Frye, chair of the First-Year Experience at MICA and the current artist-in-residence for the collaborative program, has been involved in the HMEAP from its inception. She was the sponsor for a MICA intern at HEMI and also one of the MICA faculty members teaching a series of Extreme Arts workshops — taken from MICA’s first-year curriculum — to JHU undergraduate students.

She underscored the importance of having artists and designers on scientific teams from the beginning, to help ask important questions concurrently with research. Artists, she said, “can help scientists with an embodied sense of understanding content. It’s what happens when you put your hands on something and then intuitively think about how to respond to it.”

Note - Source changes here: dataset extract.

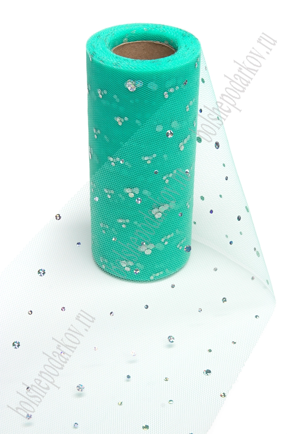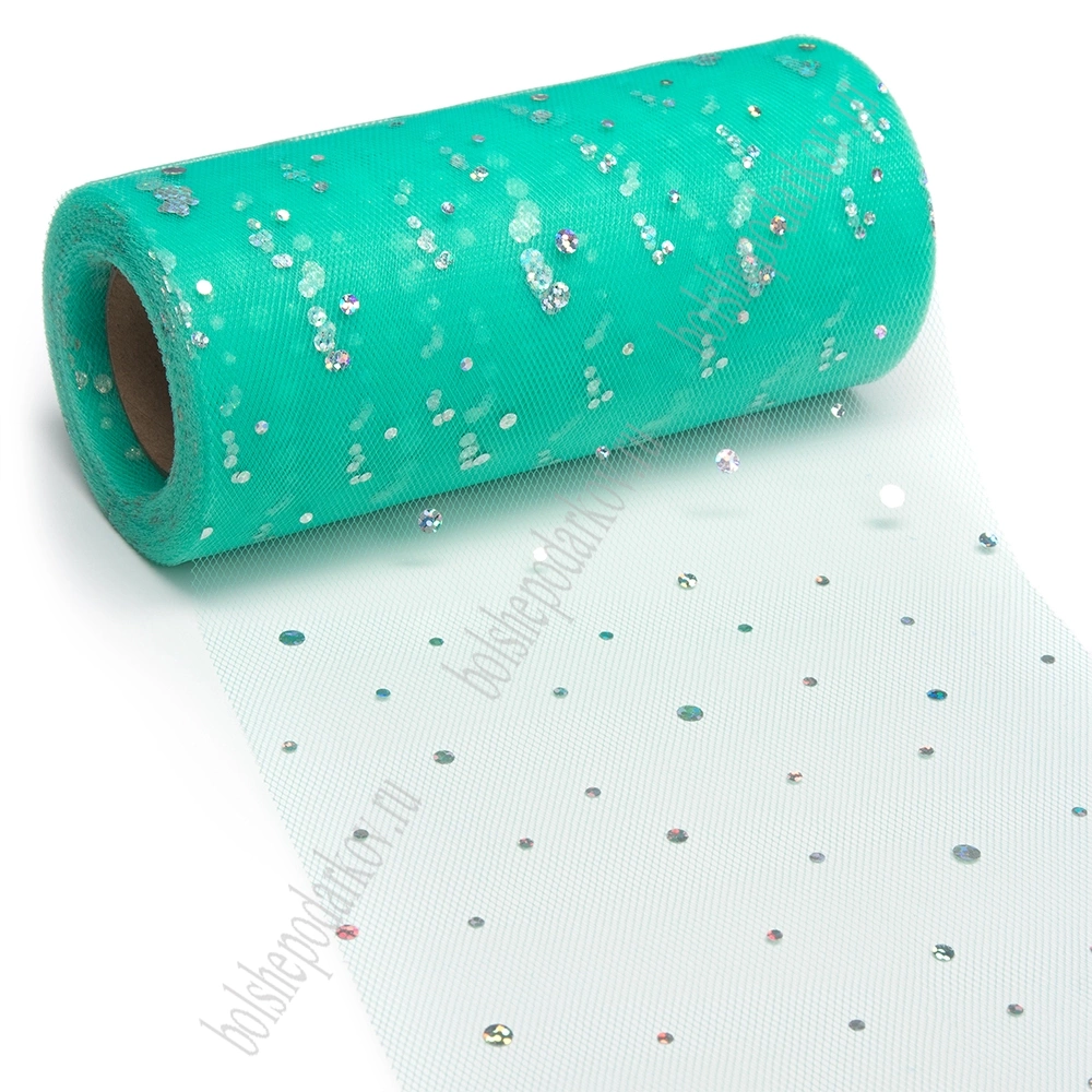 Фатин с пайетками "Горох" 15 см*25 ярд (SF-2939) аквамарин №18

She explained that it is the kind of knowledge that starts with instinct— something internal to all of us —and is extremely important to understanding materials, as well as what we see and think we see.

“It seems like engineers are trained to not rely on their instincts and look objectively at data. That is a totally valid approach, but you get a 360-degree view if you could look both outside in and inside out,” she stressed.

Currently in the observation/research phase of her residency, Frye has been spending about two days per week with HEMI teams studying structures, having deep conversations about democratizing access to science, and more. Her goal is to make playful objects, educational toys or interactive exhibits that speak to HEMI’s high-level research, helping to communicate it to a general audience through physical material.

Graham-Brady said the HMEAP has yielded significant outcomes for HEMI in many ways. A tangible example is the visual ‘map’ of its collaboration with JHU and other institutions — developed by one of the program’s first MICA interns, Samantha French — that won praise from senior executives at U.S. Army Research Laboratory, sponsors of the Center for Materials in Extreme Dynamic Environments, one of HEMI’s largest research centers.

The program has also brought diverse groups of people together, something that had not happened before at the institute. As she explained, “Beyond the natural synergies between art and science, the program has helped our researchers, engineers and scientists consider problems from perspectives very different from theirs. Beyond improved communication skills, working with MICA artists has brought about intellectual shifts that are so good for HEMI’s culture.”